◆ **TO DO**:
Please return the listing below word for word, minus its pictures.

THE DATA below:

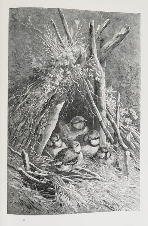 Peintre de genre, Hector Giacomelli (1822-1904) se spécialisa dans la peinture d'oiseaux, multipliant les illustrations d'ouvrages d'histoire naturelle et réalisant gouaches, aquarelles et tableaux sur ce thème, très prisé à la fin du XIXe siècle. Il travaille à plusieurs reprises avec Gustave Doré pour lequel il compose des ornements. Il collabore également au Monde illustré, Le Magasin pittoresque et à L'Illustration. De nombreux bibliophiles lui confieront des exemplaires à enluminer. Il illustrera Michelet, Theuriet Coppée et Musset, Giacomelli fut en outre un collectionnuer averti. Beraldi vante sa collection d'estampes du XIXe siècle. Il fut à ce titre l'un des organisateurs de l'exposition universelle de Paris de 1889 pour la partie estampes. Bel exemplaire.
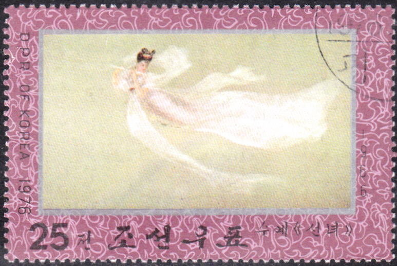 Die nächste Marke der Serie (MiNr 1548 A) zeigt eine Stickerei mit einer Flötenspielerin.
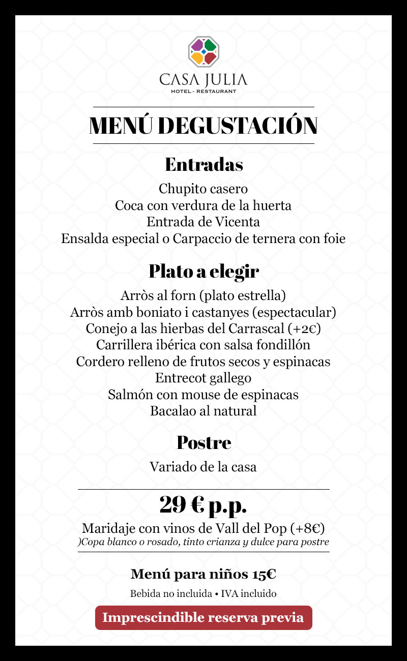Hotel Casa Julia ofrece su servicio de restaurante los jueves, viernes, sábados y domingos, de 13 h. a 16 h. solo por encargo, llamando al 966 405 050.
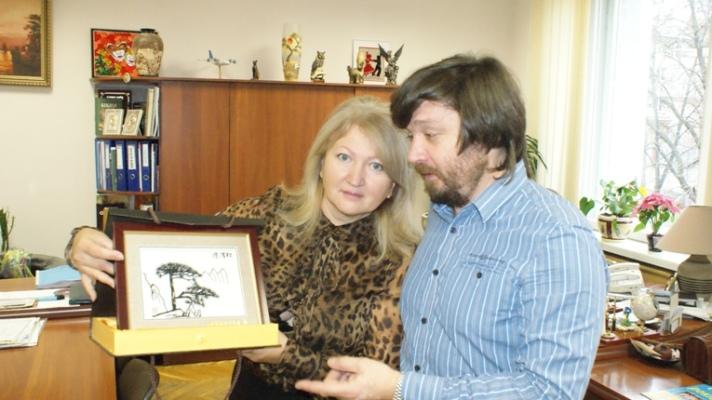 Керівник Народного ансамблю танцю «Вітамінчики» Олег Мельник передав голові Святошинської районної в місті Києві державної адміністрації пам’ятний сувенір із «Піднебесної» (фото)
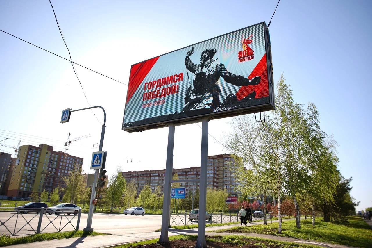 В преддверии юбилея Великой Победы улицы Альметьевска украсили символизирующими украшениями. Жители могут увидеть флаговые конструкции, декоративные композиции, консоли вдоль дорог, билборды, праздничную подсветку, тематические стенды и баннеры, а также объемные конструкции «9 мая». Общественный транспорт также оформлен в праздничном стиле.
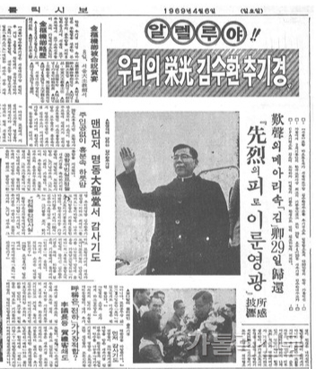 당시 김 추기경은 일본에서 발표 소식을 들었고, 이튿날인 29일 김포공항을 통해 귀국했습니다. 가톨릭시보는 4월 6일자 3면에서 ‘알렐루야!! 우리의 영광 김수환 추기경’이라는 제목의 머리기사에서 추기경 탄생에 환호하는 한국교회의 분위기를 생생하게 전했습니다.
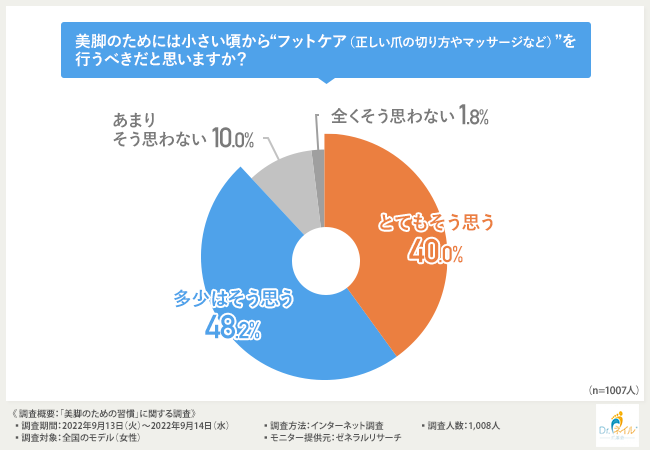 「美脚のためには小さい頃から“フットケア(正しい爪の切り方やマッサージなど)”を行うべきだと思いますか?」と質問したところ、『とてもそう思う(40.0%)』『多少はそう思う(48.2%)』『あまりそう思わない(10.0%)』『全くそう思わない(1.8%)』という回答結果になりました。
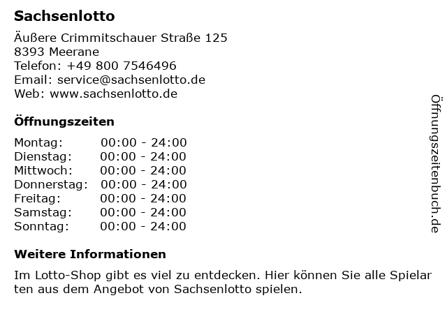 | Öffnungszeiten Sachsenlotto in Meerane anzeigen | |
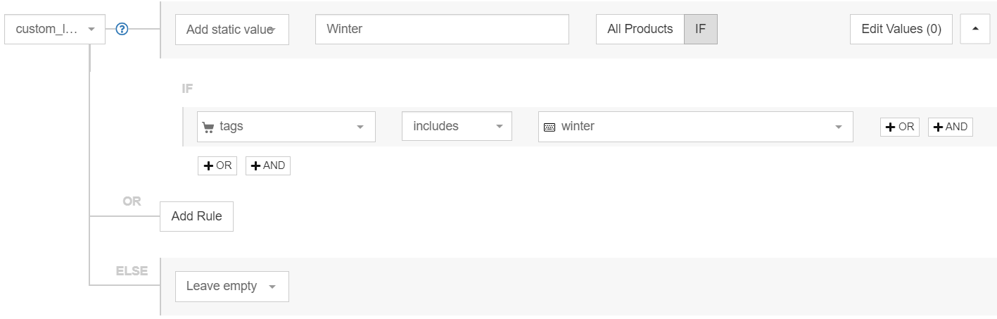 Certains produits fonctionneront nettement mieux dans une saison que dans une autre. La création d'étiquettes personnalisées avec des flux supplémentaires est donc bénéfique pour les produits que vous ne souhaitez pas afficher toute l'année.
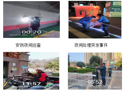 2、秩序维护:严格落实24小时安防巡逻制度,加强出入口管控与车辆管理。门岗登记进出人员568人次;临时车辆管理308辆;发放温馨提示、快递扫码登记、劝阻违规停车37次,每日按时完成重点部位巡查,每月消防设施设备排查等工作的完成,确保小区无安全、治安事故的发生。
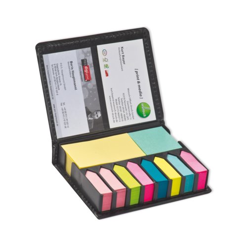- sets de marcadores con 200 hojillas adhesivas amarillas y azules, y también 200 marcadores adhesivos en 6 colores diferentes
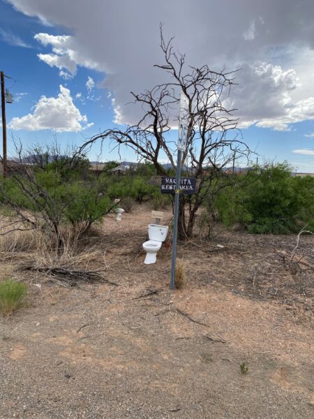 The first stage was 45 miles on a flat, tarmacked road across scrubby semi desert so we made reasonable progress. We had been warned that there would be lots of Rattle Snakes in the first few days so we were quite wary of leaving the road for a pee. We developed a technique of stamping our feet and walking slowly trying spot any camouflaged snakes. Needless to say, we didn’t spot one. We were slightly disappointed not to get a photo. To our relief we did come across this rest area with his and her’s facilities although the privacy wasn’t great!
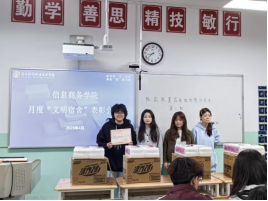 为进一步规范学生宿舍管理,营造整洁、文明、和谐的住宿环境,4月8日,信息商务学院开展3月份“文明宿舍”表彰活动,对在本月宿舍文明建设中表现优异的集体予以通报表彰。
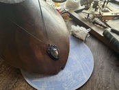 角度によってオレンジからレッドパープルが見られるマルチカラーのラブラドライトをペンダントにお仕立ていたしました。
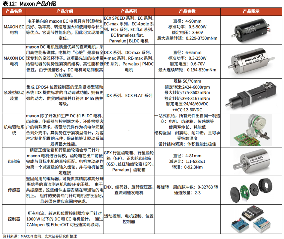 1)Maxon:拥有完善的纵向一体化电机产品矩阵。公司产品包括有刷和无刷直流电机、无刷盘式电机;行星齿轮箱、正齿轮箱、特殊齿轮箱;传感器;运动控制器、电机控制器、位置控制器;客户定制驱动方案等。 多年来为高精尖领域提供创新解决方案,具有优秀的客户背书。公司产品应用于工业自动化、医疗技术、安全技术、仪器仪表、通讯技术、日用消费等领域。美国国家航空航天局火星探测车的驱动力来源就是Maxon电机;医疗、机器人、精密工业设备等领域也有Maxon电机的应用。以上领域均为高精尖领域,Maxon具有优秀的客户背书以及较强的客户粘性。
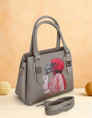 Stylish Hijabi Girl Printed Gray Synthetic Leather Handbag
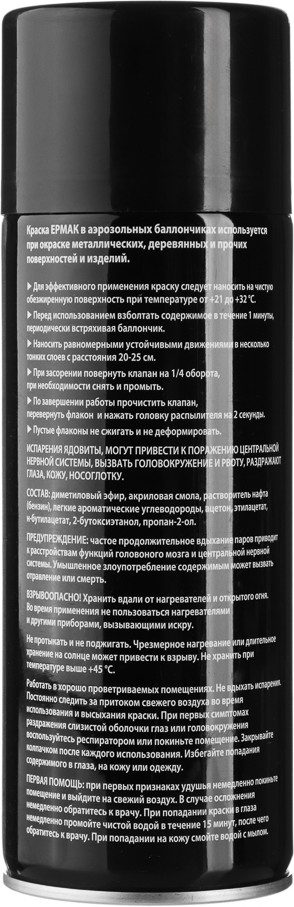 ЕРМАК Краска аэрозольная, 20 9001/4 черная матовая
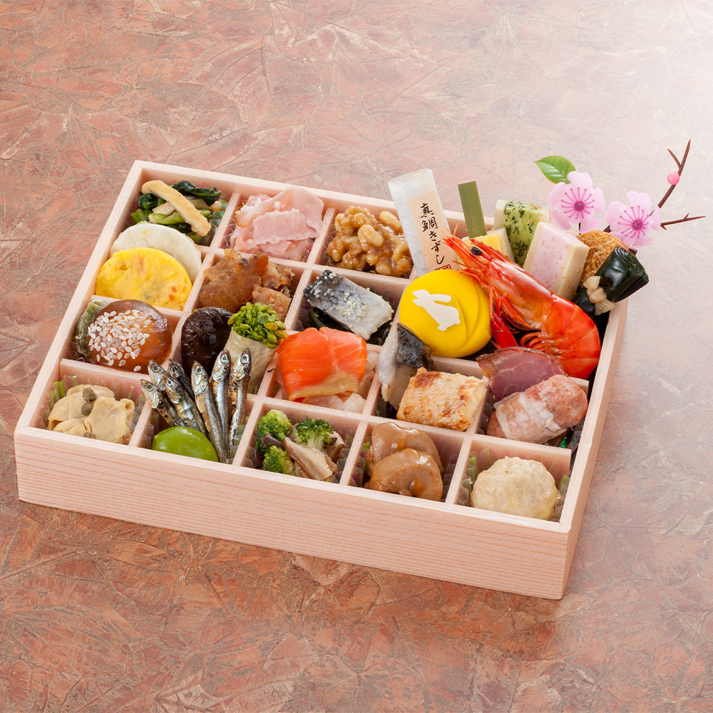 【一の重】小松菜と揚げ煮物、パストラミベーコン、くるみ甘露煮、真鯛きずし、柚子味噌田楽、味付高野(海老)、味付高野(ほうれん草)、たらこ旨煮、一口昆布巻、海老旨煮、月うさぎ(練きり)、豆乳野菜彩り真薯、豆乳野菜ふわふわ真薯、丸穴子南蛮、糸昆布酢炊き、にしん黄金、ごまミルクティー、羽二重餅(くるみ抹茶)、椎茸煮、菜の花湯葉巻、オニオンマリネ、スモークサーモントラウトスライス、鰆味噌焼、小鯛味噌焼、黒糖ローストポーク、ベーコンチーズドック、湯葉の有馬煮、田作り、若桃甘露、キノコとブロッコリーのバジルマリネ、ぼら白子旨煮、鶏団子
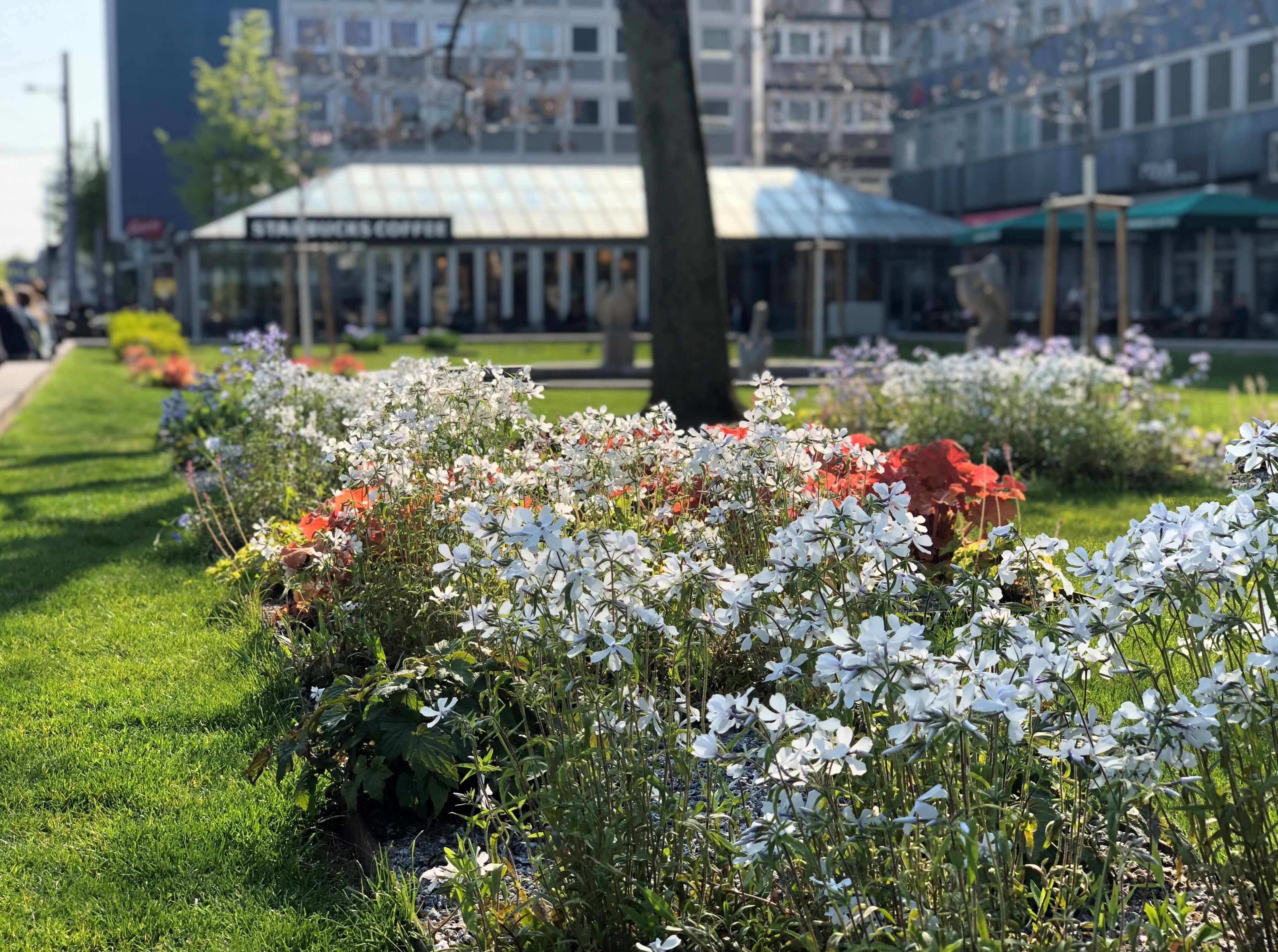 OB Dr. Kurz (rechts) und Staatssekretär Baumann zusammen mit Agnes Schönfelder von der Klimaschutzagentur am Maimarktstand der Stadt Mannheim.
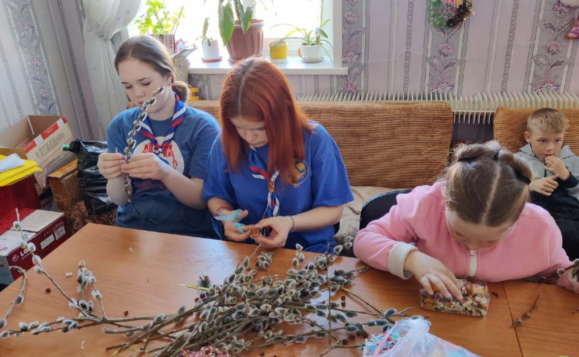 Следопыты «Адреналина» посещают множество тематических мероприятий, проводимых в Доме культуры, и не упускают возможности собираться вместе за каким-нибудь интересным делом: 14 апреля ребята организовали небольшое занятие по украшению верб к приближающемуся Вербному воскресенью.
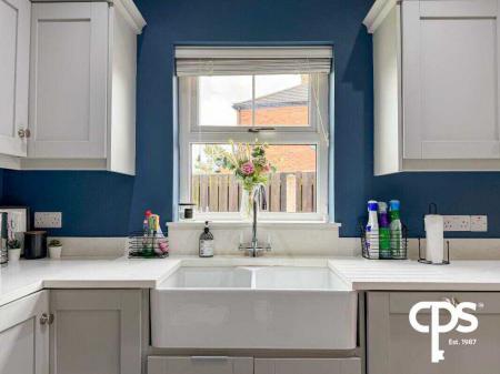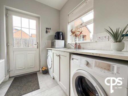 Utility Room (1.99m x 2.74m): A highly practical space with similar style flooring to the kitchen, fitted with low-level units, plumbing for a tumble dryer and washing machine, and a stainless-steel sink. Access to the rear of the property is also provided via a back door.
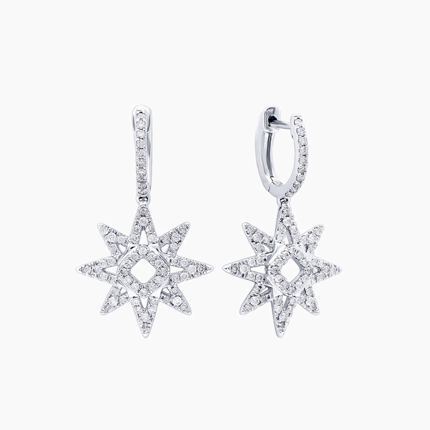 Captivate the crowds with these scintillating pieces decked with 0.493-carats of diamonds in a star and lozenge shape and suspended from a latch back fastening. Set in 18-karat white gold, this pair will seamlessly work its way through your day to evening wardrobe.
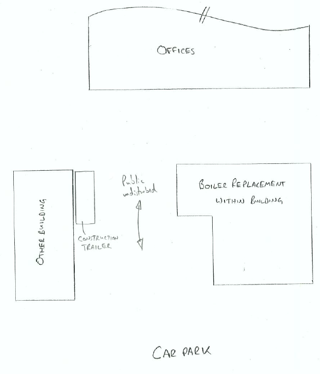 Secondly, it is commonly known that people are simultaneously stupid, curious and lazy. Therefore it makes sense to fence construction sites to shepherd people into areas of safety and away from all the things that mean we require training, site briefings and PPE when we enter a site. Below are 4 very crude layout sketches of the Fort Indiantown Gap (FIG) boiler replacement site showing: the current site, the contractor’s ‘plan’, my plan and the compromised solution.

End of THE DATA.

◆ **ANSWER TO THIS EXERCISE**:
 Peintre de genre, Hector Giacomelli (1822-1904) se spécialisa dans la peinture d'oiseaux, multipliant les illustrations d'ouvrages d'histoire naturelle et réalisant gouaches, aquarelles et tableaux sur ce thème, très prisé à la fin du XIXe siècle. Il travaille à plusieurs reprises avec Gustave Doré pour lequel il compose des ornements. Il collabore également au Monde illustré, Le Magasin pittoresque et à L'Illustration. De nombreux bibliophiles lui confieront des exemplaires à enluminer. Il illustrera Michelet, Theuriet Coppée et Musset, Giacomelli fut en outre un collectionnuer averti. Beraldi vante sa collection d'estampes du XIXe siècle. Il fut à ce titre l'un des organisateurs de l'exposition universelle de Paris de 1889 pour la partie estampes. Bel exemplaire.
 Die nächste Marke der Serie (MiNr 1548 A) zeigt eine Stickerei mit einer Flötenspielerin.
Hotel Casa Julia ofrece su servicio de restaurante los jueves, viernes, sábados y domingos, de 13 h. a 16 h. solo por encargo, llamando al 966 405 050.
 Керівник Народного ансамблю танцю «Вітамінчики» Олег Мельник передав голові Святошинської районної в місті Києві державної адміністрації пам’ятний сувенір із «Піднебесної» (фото)
 В преддверии юбилея Великой Победы улицы Альметьевска украсили символизирующими украшениями. Жители могут увидеть флаговые конструкции, декоративные композиции, консоли вдоль дорог, билборды, праздничную подсветку, тематические стенды и баннеры, а также объемные конструкции «9 мая». Общественный транспорт также оформлен в праздничном стиле.
 당시 김 추기경은 일본에서 발표 소식을 들었고, 이튿날인 29일 김포공항을 통해 귀국했습니다. 가톨릭시보는 4월 6일자 3면에서 ‘알렐루야!! 우리의 영광 김수환 추기경’이라는 제목의 머리기사에서 추기경 탄생에 환호하는 한국교회의 분위기를 생생하게 전했습니다.
 「美脚のためには小さい頃から“フットケア(正しい爪の切り方やマッサージなど)”を行うべきだと思いますか?」と質問したところ、『とてもそう思う(40.0%)』『多少はそう思う(48.2%)』『あまりそう思わない(10.0%)』『全くそう思わない(1.8%)』という回答結果になりました。
 | Öffnungszeiten Sachsenlotto in Meerane anzeigen | |
 Certains produits fonctionneront nettement mieux dans une saison que dans une autre. La création d'étiquettes personnalisées avec des flux supplémentaires est donc bénéfique pour les produits que vous ne souhaitez pas afficher toute l'année.
 2、秩序维护:严格落实24小时安防巡逻制度,加强出入口管控与车辆管理。门岗登记进出人员568人次;临时车辆管理308辆;发放温馨提示、快递扫码登记、劝阻违规停车37次,每日按时完成重点部位巡查,每月消防设施设备排查等工作的完成,确保小区无安全、治安事故的发生。
- sets de marcadores con 200 hojillas adhesivas amarillas y azules, y también 200 marcadores adhesivos en 6 colores diferentes
 The first stage was 45 miles on a flat, tarmacked road across scrubby semi desert so we made reasonable progress. We had been warned that there would be lots of Rattle Snakes in the first few days so we were quite wary of leaving the road for a pee. We developed a technique of stamping our feet and walking slowly trying spot any camouflaged snakes. Needless to say, we didn’t spot one. We were slightly disappointed not to get a photo. To our relief we did come across this rest area with his and her’s facilities although the privacy wasn’t great!
 为进一步规范学生宿舍管理,营造整洁、文明、和谐的住宿环境,4月8日,信息商务学院开展3月份“文明宿舍”表彰活动,对在本月宿舍文明建设中表现优异的集体予以通报表彰。
 角度によってオレンジからレッドパープルが見られるマルチカラーのラブラドライトをペンダントにお仕立ていたしました。
 1)Maxon:拥有完善的纵向一体化电机产品矩阵。公司产品包括有刷和无刷直流电机、无刷盘式电机;行星齿轮箱、正齿轮箱、特殊齿轮箱;传感器;运动控制器、电机控制器、位置控制器;客户定制驱动方案等。 多年来为高精尖领域提供创新解决方案,具有优秀的客户背书。公司产品应用于工业自动化、医疗技术、安全技术、仪器仪表、通讯技术、日用消费等领域。美国国家航空航天局火星探测车的驱动力来源就是Maxon电机;医疗、机器人、精密工业设备等领域也有Maxon电机的应用。以上领域均为高精尖领域,Maxon具有优秀的客户背书以及较强的客户粘性。
 Stylish Hijabi Girl Printed Gray Synthetic Leather Handbag
 ЕРМАК Краска аэрозольная, 20 9001/4 черная матовая
 【一の重】小松菜と揚げ煮物、パストラミベーコン、くるみ甘露煮、真鯛きずし、柚子味噌田楽、味付高野(海老)、味付高野(ほうれん草)、たらこ旨煮、一口昆布巻、海老旨煮、月うさぎ(練きり)、豆乳野菜彩り真薯、豆乳野菜ふわふわ真薯、丸穴子南蛮、糸昆布酢炊き、にしん黄金、ごまミルクティー、羽二重餅(くるみ抹茶)、椎茸煮、菜の花湯葉巻、オニオンマリネ、スモークサーモントラウトスライス、鰆味噌焼、小鯛味噌焼、黒糖ローストポーク、ベーコンチーズドック、湯葉の有馬煮、田作り、若桃甘露、キノコとブロッコリーのバジルマリネ、ぼら白子旨煮、鶏団子
 OB Dr. Kurz (rechts) und Staatssekretär Baumann zusammen mit Agnes Schönfelder von der Klimaschutzagentur am Maimarktstand der Stadt Mannheim.
 Следопыты «Адреналина» посещают множество тематических мероприятий, проводимых в Доме культуры, и не упускают возможности собираться вместе за каким-нибудь интересным делом: 14 апреля ребята организовали небольшое занятие по украшению верб к приближающемуся Вербному воскресенью.
 Utility Room (1.99m x 2.74m): A highly practical space with similar style flooring to the kitchen, fitted with low-level units, plumbing for a tumble dryer and washing machine, and a stainless-steel sink. Access to the rear of the property is also provided via a back door.
 Captivate the crowds with these scintillating pieces decked with 0.493-carats of diamonds in a star and lozenge shape and suspended from a latch back fastening. Set in 18-karat white gold, this pair will seamlessly work its way through your day to evening wardrobe.
 Secondly, it is commonly known that people are simultaneously stupid, curious and lazy. Therefore it makes sense to fence construction sites to shepherd people into areas of safety and away from all the things that mean we require training, site briefings and PPE when we enter a site. Below are 4 very crude layout sketches of the Fort Indiantown Gap (FIG) boiler replacement site showing: the current site, the contractor’s ‘plan’, my plan and the compromised solution.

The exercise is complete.